Therefore it doesn’t matter if I have a dollar to my name - I thought about the brief pause earlier before my third ‘No’ - I wasn’t calculating numbers, adding account totals or summarizing assets - I was considering what she really meant by the question. I think it was literal at face value - a joke labeled ‘joke’. But I think - and again, I barely know her enough to know enough - what she was really asking was: well if the first two answers are no, are you at least happy?

I thought again about the smell of that crack-house that I was tasked to clean out some fifteen-plus years ago. The garbage up to my shins. Vials, needles, empties everywhere. I thought about the people that surrounded me there, and where they might be now. Which prisons, which cemeteries.

I thought about my follow-up call to Hardees on Center Point Road, and how they told me they would keep my application on file just in case things turned out for me.
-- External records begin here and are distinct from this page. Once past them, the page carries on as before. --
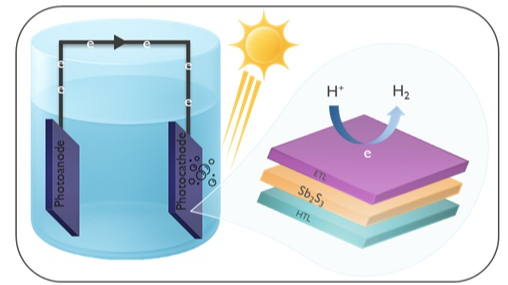 The development of efficient, stable, and scalable photocathodes is a central challenge in the advancement of solar-driven hydrogen production. Antimony trisulfide (Sb2S3) has emerged as a highly attractive candidate due to its earth abundance, suitable bandgap (~1.7 eV), high absorption coefficient, and intrinsic photostability. However, its application as a photocathode is hindered by intrinsic bulk defects, non-radiative recombination, inherently poor electron–hole separation, and instability in aqueous environments, leading to low photocurrent densities and limited operational lifetimes. In this work, we report a systematic study on the structural improvement and interfacial engineering of Sb2S3-based photocathodes, fabricated via thermal evaporation, to enhance their performance for photoelectrochemical (PEC) hydrogen generation. We systematically explored a wide range of annealing temperatures and seed layers to optimize the preferred orientation, thereby enhancing charge transport. In addition, various electron and hole transport layers were investigated to improve charge extraction and achieve better band alignment with Sb₂S₃. Notably, the incorporation of zinc oxysulfate (ZnOS) facilitated favorable band bending at the Sb₂S₃ interface, which significantly enhanced charge transport. Material and interface characterization was performed using X-ray diffraction (XRD), scanning electron microscopy (SEM), and steady-state photoluminescence (PL) spectroscopy. XRD confirmed the orthorhombic phase of Sb2S3 with high crystallinity and preferred orientation in hk1, while SEM revealed uniform film morphology with no visible pinholes or large-scale defects. PL quenching observed in the presence of ZnOS provided evidence of enhanced interfacial charge transfer and reduced recombination rates. The optimized device architecture, evaluated in a three-electrode PEC configuration, delivered a photocurrent density nearly an order of magnitude higher than that of bare Sb₂S₃ at −0.3 V vs. RHE under standard AM 1.5G illumination. Furthermore, stability testing in a neutral aqueous electrolyte (pH ~7) confirmed the robustness of the interfacial design and the chemical durability of the photoelectrode stack. These findings demonstrate that interfacial and catalytic optimization can unlock the full potential of Sb2S3 photocathodes, offering a scalable pathway toward efficient and durable chalcogenide-based systems for solar fuel generation.
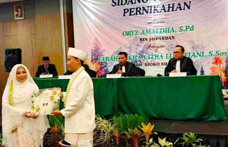 Suasana berbeda tampak dalam sebuah resepsi pernikahan yang digelar di Purwokerto, Banyumas. Alih-alih menghadirkan dekorasi adat atau nuansa elegan khas pesta pernikahan, para tamu justru disambut dengan tata ruang menyerupai persidangan terbuka.
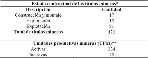 Según la información suministrada por la ANM a diciembre de 2015 en cuanto a titulación minera en el municipio de Marmato, se reporta un total de 121 títulos mineros, de los cuales la Autoridad Minera Departamental a septiembre de 2011, develó que la cantidad de Unidades Productivas Mineras (UPM) así como del estado contractual de los títulos mineros (Tabla 1) corresponden a un total 334 UPM y 73 minas en condición de inactividad, localizadas todas ellas sobre los títulos mineros en mención [10].

With that in mind, I would like to change my answer.

Yes, Mary, I am rich as hell.



Rather than heading back east to the beach after taking off, I drove due south, a route I’d never taken before. I had another stop to make - a business one. See I had managed to make this visit a paid work trip, and all I had to do make one stop down in Mill Spring, about an hour south of my dad’s place. I zigged and zagged through the blue ridges, each corner unveiling a new and exciting view (and a Jesus billboard or five.) I drove with my camera in my lap, off-safety.

Then I as I approached the Green River, just north of Mill Spring, I lost my breath.
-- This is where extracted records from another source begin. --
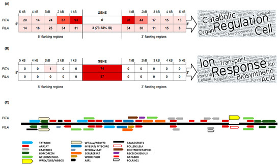 (A) Distribution of Plater MITE insertions across P. taeda (PITA) and P. lambertiana (PILA) gene-flanking regions. (B) Distribution of Plater MITE insertions across P. taeda (PITA) and P. lambertiana (PILA) gene introns. World cloud generated from biological process GO terms of P. taeda genes involved in the networks using the online tool https://wordart.com/. (C) Alignment of P. taeda (PITA) and P. lambertiana (PILA) consensus sequences with predicted plant cis-acting regulatory elements.
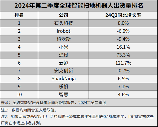 在报告中,中国品牌囊括二季度全球出货量前六名中的5个席位。除石头科技外,科沃斯、小米、追觅、云鲸均上榜,其中,科沃斯二季度出货量同比下降9.4%,小米、追觅和云鲸出货量增长率分别为16.1%、73.3%和121.7%。
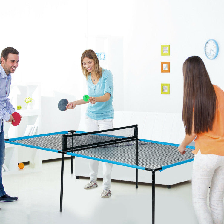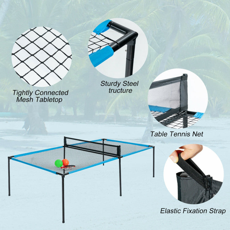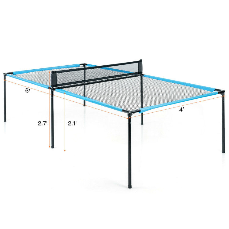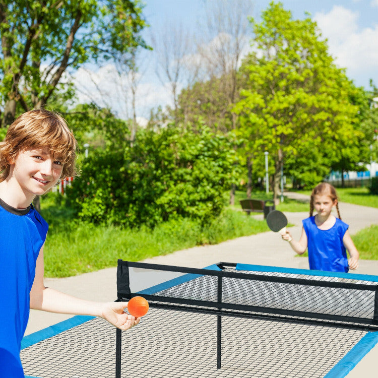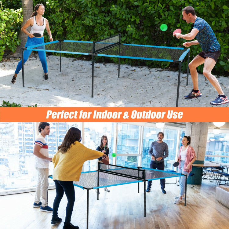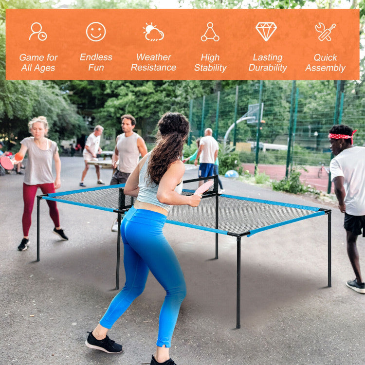 Simple gameplay and lucid rules are suitable for all ages to play together. There are 2 entertaining ways, volleyball game and table tennis game, for you to choose depending on the different player numbers. Comes with two paddles, two PVC balls of different sizes and one inflation pomp, this action-play game needs no extra accessories to play. Since heavy-duty steel material, the sturdy metal frame showcases excellent sturdiness. What's more, the tightly connected mesh table ensures consistent and reliable bounces. In addition, easy assembly needs less time and effort, so you don't need to worry about the table installation. This game set can be used indoors and outdoors, offering endless fun for your family.

It was taken from me, by this sight.

I pulled the truck over so fast you’d think a pit crew was going to pop out of the bushes. I hopped out and started shooting.

Great minds think alike! I heard from the distance.

I turned to see a guy hustling over from the opposite side of the bridge.

Do you live around here or are you visiting!? I was so excited that I lost my manners. A car flew past between us, drowning my answer out. How could you just drive by this? I thought.

Great minds think alike! He repeated, holding up a Fuji mirrorless camera, now close enough to hear without yelling.

Yeah yeah, I responded, repeating my question rudely. Apparently I just had to know right now what I was looking at. I took a deep breath to calm down, and switched out of “super-Terminator-get-buckets-mode” into being a personable human being.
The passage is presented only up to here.